=== Section Start ===

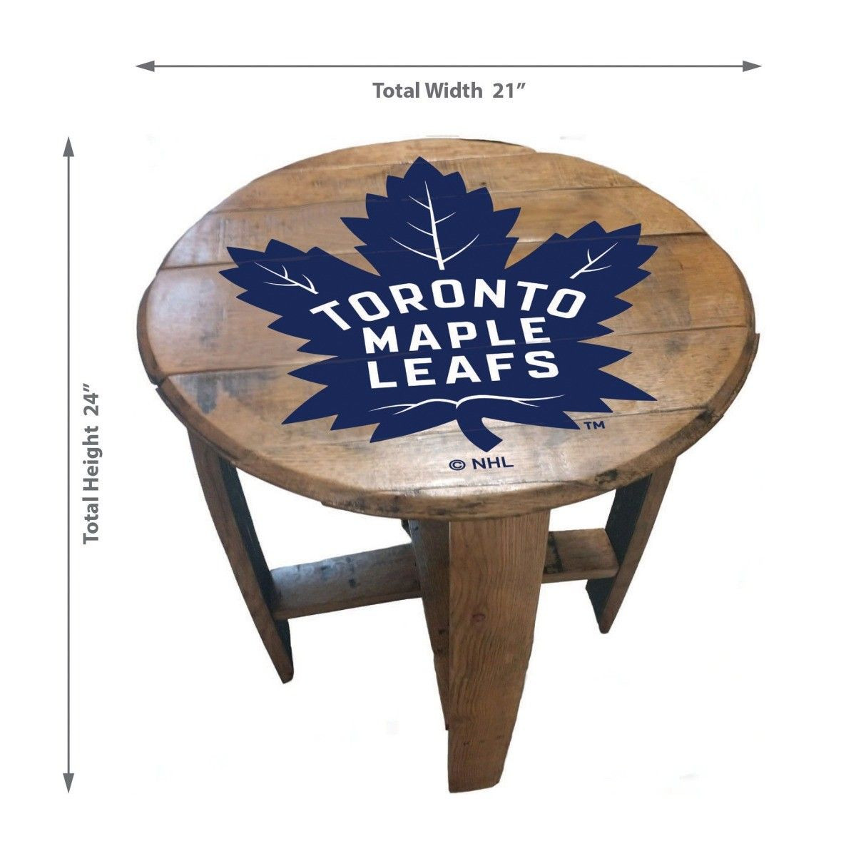Spruce Up Your Living Room Or Fan Cave With This Officially Licensed Custom Made Oak Barrel Table From Imperial! Made From An Authentic Kentucky Oak Charred Whiskey Barrel, This Rustic-Style Table Is One Of A Kind And Looks Great In Any Room. The Team Logo Is Applied By Injecting Uv Resistant Ink Into The Oak And Then Sealing. The Table Measures 21 Inches In Diameter And Is 24 Inches High. This Product Is Officially Licensed By The NHL And Is Made In The USA.
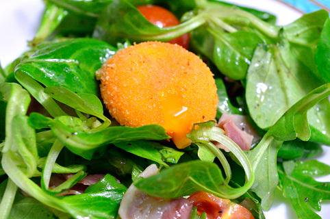 La yema se "cura" en pan rallado (en el frigorífico). Se saca con cuidado y se fríe sumergido en aceite apenas unos segundos. Se "sella" el pan rallado y dentro queda una explosión de yema :-)
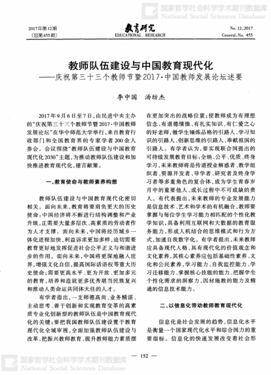 成果简介:教师队伍建设与中国教育现代化密切相关。面向未来,教育将要肩负更大的历史使命,迫切需要教育更好地发挥促进社会公平正义与和谐进步的作用,更深地融人世界,增强文化自信,提高国际话语权等重大历史使命。教师教育走向现代化,应着力做好四个方面的工作:一是用信息化带动现代化;二是加强教师教育学科专业建设;三是转变教学模式,发挥课堂教学的知识生成和生命生成的双重作用,四是创新网络评价方式,重视信息技术对教育的影响及其带来的新的评价问题。
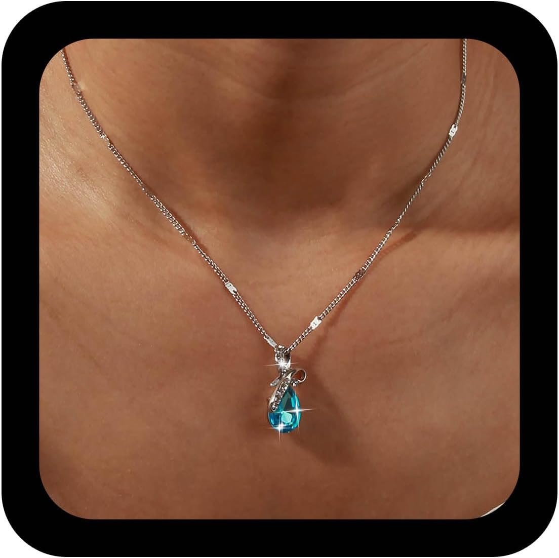 Boho Sapphire Crystal Teardrop Necklace Choker Wedding Blue Gemstone Rhinestone Pendant Necklace Minimalist CZ Waterdrop Infinity Thin Chain Necklaces Jewelry for Women
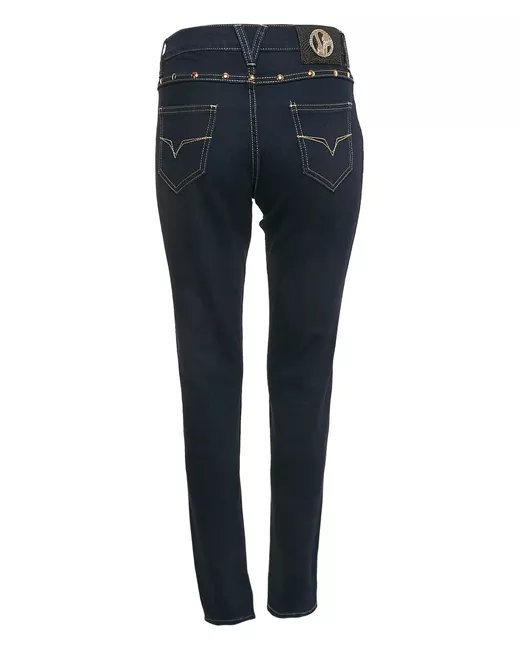 dark blue studded detailing five-pocket design embroidered back pockets zip and button fastening Condition: GOOD. This previously owned and used item is in good condition with minimal signs of use. This may include fading of material or plating and scratches.
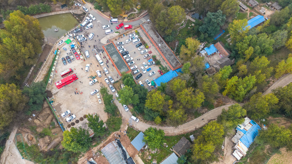 9月27日,在陇西县文峰镇桦林村,救援力量在当地党群服务中心广场集结(无人机照片)。新华社记者 郎兵兵 摄
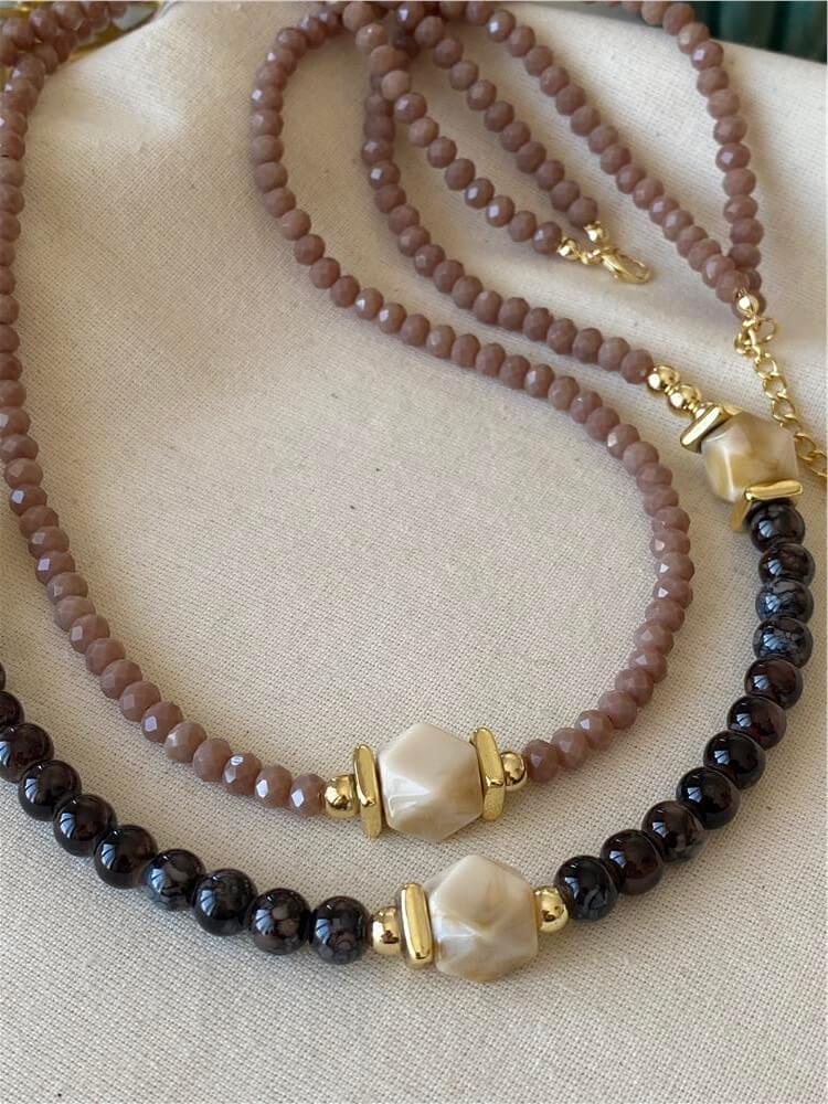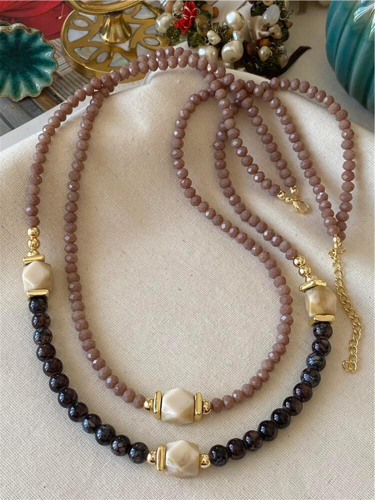 İkili Krem Taş Detaylı Vizon Boncuk Kolye (31547)
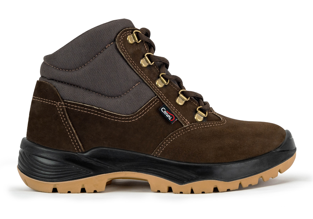 Botina de segurança com fechamento em cadarço recoberto confeccionado em couro nobuck na cor marrom, colarinho com forração interna, forro do cano em nylon com tratamento antimicrobiano.

=== Section End ===

● **Work to complete**
From the line containing "9月27日,在陇西县文峰镇桦林村,救援力量在当地党群服务中心广场集结(无人机照片)。新华社记者 郎兵兵 摄" down to the last line of the entries above, copy each line exactly and nothing more. Leave pictures out.

● **Result of the task**
 9月27日,在陇西县文峰镇桦林村,救援力量在当地党群服务中心广场集结(无人机照片)。新华社记者 郎兵兵 摄
 İkili Krem Taş Detaylı Vizon Boncuk Kolye (31547)
 Botina de segurança com fechamento em cadarço recoberto confeccionado em couro nobuck na cor marrom, colarinho com forração interna, forro do cano em nylon com tratamento antimicrobiano.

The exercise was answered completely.